2. How to Generate an E-Invoice Step-by-Step

A common misconception is that you must log onto a government portal and manually type up an entire invoice. In reality, e-invoicing is a backend verification process. [1]

[Create standard invoice in ERP/Billing software] 
                     ⬇️
[Export standard format file (JSON)]
                     ⬇️
[Upload JSON file to Invoice Registration Portal (IRP)]
                     ⬇️
[IRP verifies and stamps data with unique IRN and QR Code]
                     ⬇️
[Print/Issue final authenticated e-invoice to your buyer]

Step 1: Invoicing via your ERP

You create a standard tax invoice on your local billing or accounting software (such as Tally, Zoho Books, or specialised Saniiro GST software). Your system must capture mandatory details such as Supplier GSTIN, Recipient GSTIN, HSN Codes, and precise tax calculations. 

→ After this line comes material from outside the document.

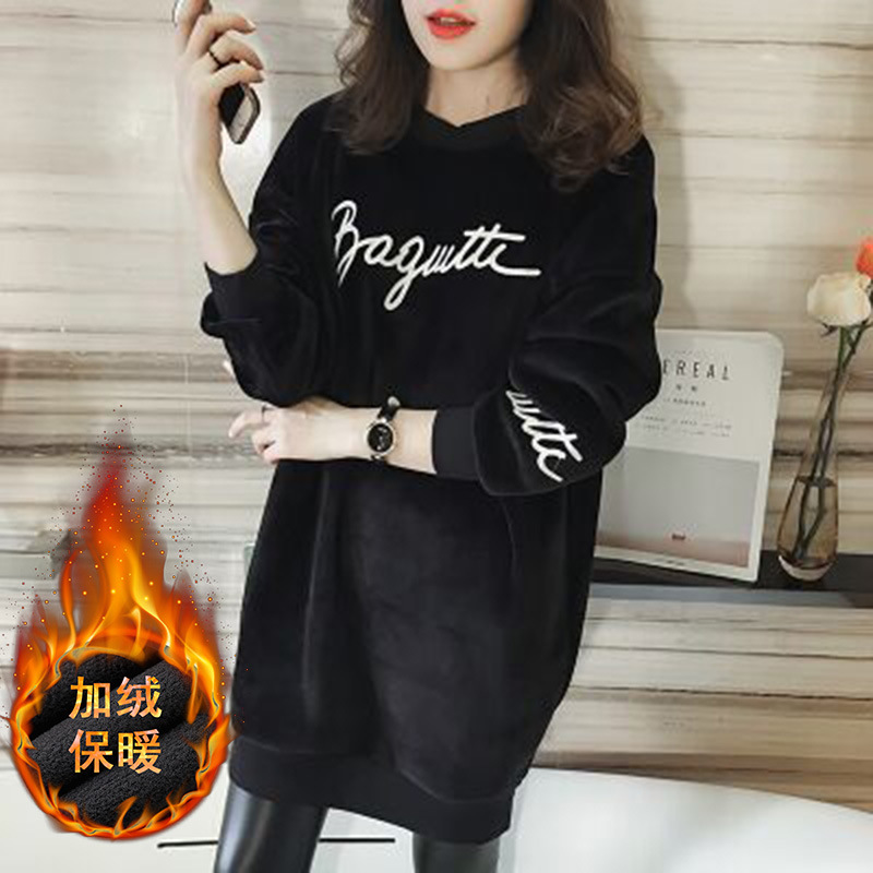 Pregnant woman sweater velvet thickened long version of 2021 models hot mom spring and autumn top women loose outside wear base shirt

Step 2: Payload Generation

Your software automatically converts this commercial invoice data into a standardised electronic file type known as a JSON schema file

Step 3: Portal Submission & Authentication

The JSON file is sent to the official government Invoice Registration Portal (IRP) (either through direct GSP/API integration or manual portal upload). 

Step 4: The Digital Stamp

The IRP verifies the structural fields of your file. Once validated, the system performs two essential tasks: 

  • It builds a 64-character alphanumeric Invoice Reference Number (IRN) unique to that document.
  • It signs the payload with a secure government QR Code. 

Step 5: Distribution

The portal automatically transmits this authenticated data directly into your GSTR-1 return portal and copies the details over to the E-Way Bill portal for shipping needs. You can now safely print the invoice with its new QR code and hand it over to your customer. 

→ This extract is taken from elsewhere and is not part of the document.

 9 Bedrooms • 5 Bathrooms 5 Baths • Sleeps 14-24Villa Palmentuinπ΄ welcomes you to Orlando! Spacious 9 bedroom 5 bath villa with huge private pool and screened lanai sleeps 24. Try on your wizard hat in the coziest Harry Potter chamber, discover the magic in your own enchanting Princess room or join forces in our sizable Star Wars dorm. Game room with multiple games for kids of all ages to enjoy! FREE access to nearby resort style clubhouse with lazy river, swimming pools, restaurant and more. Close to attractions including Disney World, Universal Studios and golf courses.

3. High-Cost Penalties for Non-Compliance

Operating a business over the ₹5 Crore threshold without validating your data via the IRP carries immediate, steep statutory fines under Section 122 of the CGST Act. 

Type of Violation  Financial Penalty Incurred
Failure to generate an E-Invoice (Issuing a traditional invoice instead) 100% of the tax due on that supply OR ₹10,000 per invoice (whichever amount is higher).
Incorrect or Faulty E-Invoicing (Filing wrong values, mismatching calculations) ₹25,000 per affected invoice.

The Collateral Risks of Missing Your E-Invoices

Beyond basic flat-rate government fines, failing to compute an IRN creates severe operational blockades for your day-to-day trading: 

  • Your Invoice is Legally Invalid: Under Rule 48(4), any invoice issued by an applicable business that lacks a registered IRN is legally treated as if no invoice was ever issued. 
  • Denial of Input Tax Credit (ITC): Your corporate B2B clients cannot use an invalid invoice to claim their Input Tax Credits. If your buyers discover they are losing out on their tax offsets because your systems are non-compliant, they may completely stop payments or terminate your business relationship. 
  • Transit Seizures: Transporting heavy commercial freight with a basic invoice that has no matching IRP documentation can result in the immediate detention of your delivery vehicle and physical goods by on-road tax authorities.